DEAR ROGER: That's a terrific idea. I love it when readers help each other. I'm sorry I didn't think of it. Read on:
DEAR ABBY: This is in response to the mother who allows her 10-year-old daughter "Amber" to stay home alone after school. If that mother would walk in my shoes for just one day, she would immediately abandon the practice. I am an emergency department nurse who has seen horrors occur to 10-year-olds who were left unsupervised.
I have tried frantically to blow life back into a 10-year-old boy who plunged into the icy water of a pond after he attempted to walk across too-thin ice. I have held the hand of a 10-year-old girl during an exam after she was brutally gang-raped by neighborhood teen-agers. I have heard the screams of a 10-year-old boy whose body was 100 percent burned in a raging house fire. I don't think I need to go on.
I realize children have different levels of maturity, but we must never forget that they are indeed children. How difficult would it be for "Concerned Mother" to find a teen-ager who would be willing to earn a few dollars to be with Amber for a few hours after school?
Some states have laws that prohibit children under a certain age being left alone.
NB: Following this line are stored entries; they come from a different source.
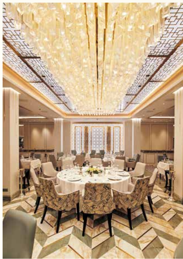
メイン・ダイニング「コンパス・ローズ」。中央には鍾乳洞のような形の吹きガラスで作られたシャンデリアが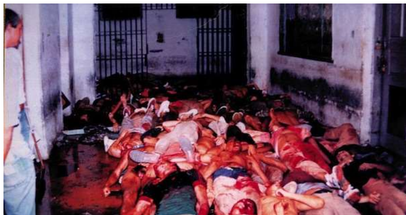
Figura 4 - Massacre do Carandiru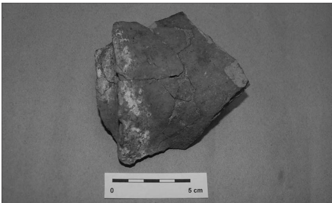
Obr. 2. Olomouc, kostel Panny Marie Sněžné. Zlomek střešní krytiny s vyhlazeným povrchem.

rového baltského jantaru. Kulturní vrstvy přiléhaly až do těsné blízkosti přibližně 6 m širokého a 1,8 m hlubokého příkopu zasekaného do skály, objeveného v prostoru západní terasy s balustrádou. Jedná se o pozůstatek opevnění Předhradí, jehož počátky spadají do velkomoravského období, a který v nejužším krčku šíje Předhradí sloužil až do 14. století, kdy byl zasypán a nahrazen novou kamennou hradbou s tzv. Novou bránou. Další pozůstatek původního opevnění raně středověkého hradu byl odkrytý pod východní terasou, tvořilo jej 1,4-1,5 m široké kamenné vrstvené základové zdivo románské hradby se severo-jihní orientací.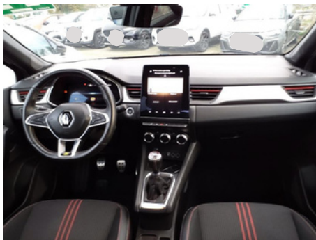
Planche de bord depuis le siège arrière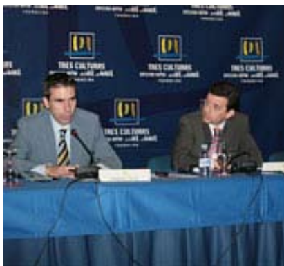
Inauguración del encuentro

La Asociación Euromediterránea o Proceso de Barcelona, iniciativa española creada con ocasión de la Conferencia de Barcelona en 1995, nació como foro de diálogo en el que se reunían, por primera vez, todos los miembros de la Unión Europea junto a sus vecinos árabes e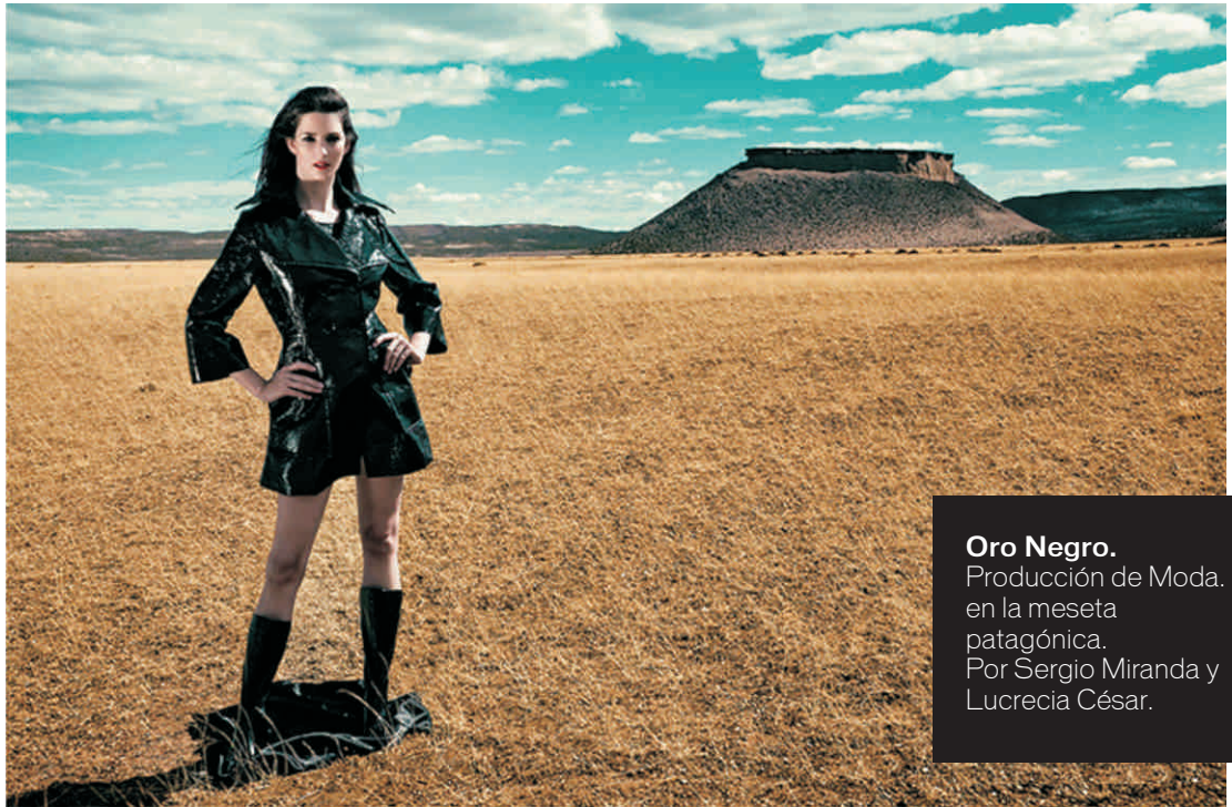
Oro Negro. Producción de Moda. en la meseta patagónica. Por Sergio Miranda y Lucrecia César.

A través de un diálogo plural, Noche Polar desarrolla paralelamente nuevos canales de comunicación con el fin de extender la capacidad interactiva de los “productos polares”. En la actualidad, el Grupo se encuentra desarrollando una comunidad en las redes sociales y su portal web (nochepolar.com) además de realizar todos los meses diferentes acciones de promoción, organización de eventos y patrocinio de actividades culturales.

In Pennsylvania, the age is 12. If Amber were here in Pennsylvania, the "concerned" Knoxville mother would be arrested.
Please print this so that some parent who may not have considered all the consequences of leaving a child alone may see it. If it saves just one child from injury, it will be worth it. -- MORE CONCERNED IN YORK, PA.
DEAR MORE CONCERNED: I like your idea of getting a teen-ager to stay until the mother returns from work. If she has not already done so, the mother should also look into organized after-school activities for children of working parents.